There is plenty of blame to go around. The west guilts the developing world, particularly China and India, for increased use of fossil fuel. But industrialized societies have been going gang-busters with energy consumption for decades before the east and south woke up to progress – as defined by the west. Oil, gas, and coal are the usual fall guys blamed for global warming. But it is no secret who triggered the addiction to hydrocarbons. Why blame the suppliers for the demand – and reckless demand at that?

Your columnist is reminded of the American contribution to global warming every single day, none more than on Wednesdays, which is trash-collection day in his neck of the woods.
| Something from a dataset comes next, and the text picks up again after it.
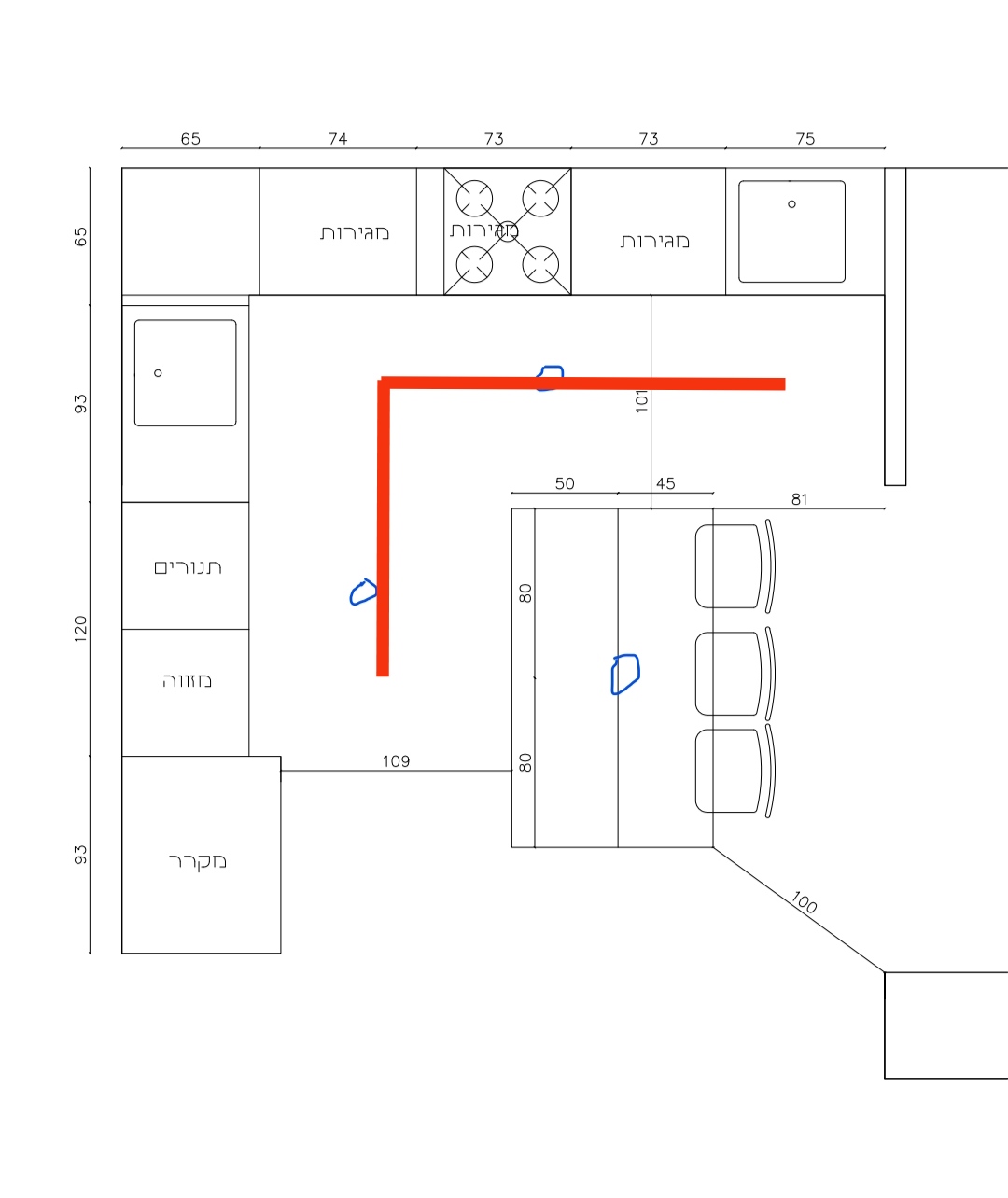 א. איפה הכי כדאי למקם את התאורה למטבח, מצרף שרטוט של המטבח והמקומות שחשבתי. (שתי תאורות מרכזיות, ועוד אחת תלויה מעל האי)

Massive amounts of trash line the streets in giant cans that go up from 30 gallons to 60 gallons. By some estimates, Americans generate more trash than any other nation in the world (Canada goes neck and neck with US): a staggering 268 million tonnes of waste, with 4.5 pounds (2.0 kg) of municipal solid waste per person per day. And this is before they get into their many cars (most cars per capita among major nations) and drive nearly 15,000 miles a year (most among all countries).
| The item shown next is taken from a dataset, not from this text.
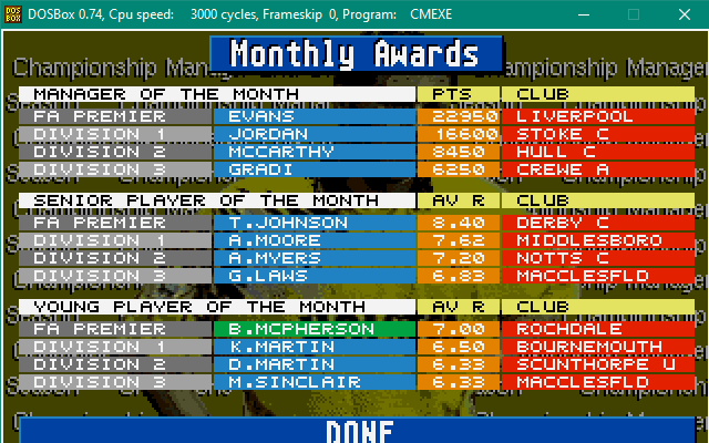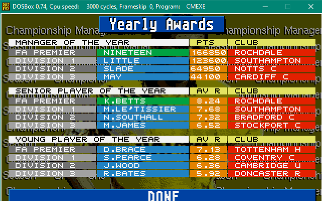 In Division 1 it’s been all over the place, Grimsby and Southampton have been 1st and 2nd for most of the season, but a terrible run of form, winning just 1 of their last 8 games sees them drop out of the playoffs completely, as Southampton almost throw it away too in the last few games, just scraping into the playoffs. They make amends for the two previous seasons choking, this time winning the playoff final to return to the Premier League, along with Nottingham Forest who had a great run in and Bournemouth who steadily climbed to the summit and take the title. Chelsea unsurprisingly are stone cold last and go down with Tranmere and Brentford.

Of course there are other factors like deforestation, but that too is triggered by conspicuous consumption that is the driver of modern capitalism. The pat explanation for the perceived success of modern capitalism is that such consumption advances living standards by meeting the demand for basic needs for goods and services. But even a cursory look at some of the metrics of “good living” – from the size of houses (2000+ sq feet average, just below Australia) to the amount of driving, to waste production, shows Americans – and industrialized countries in general – living far, far beyond basic needs.

Feeling hot hot hot? You invited it.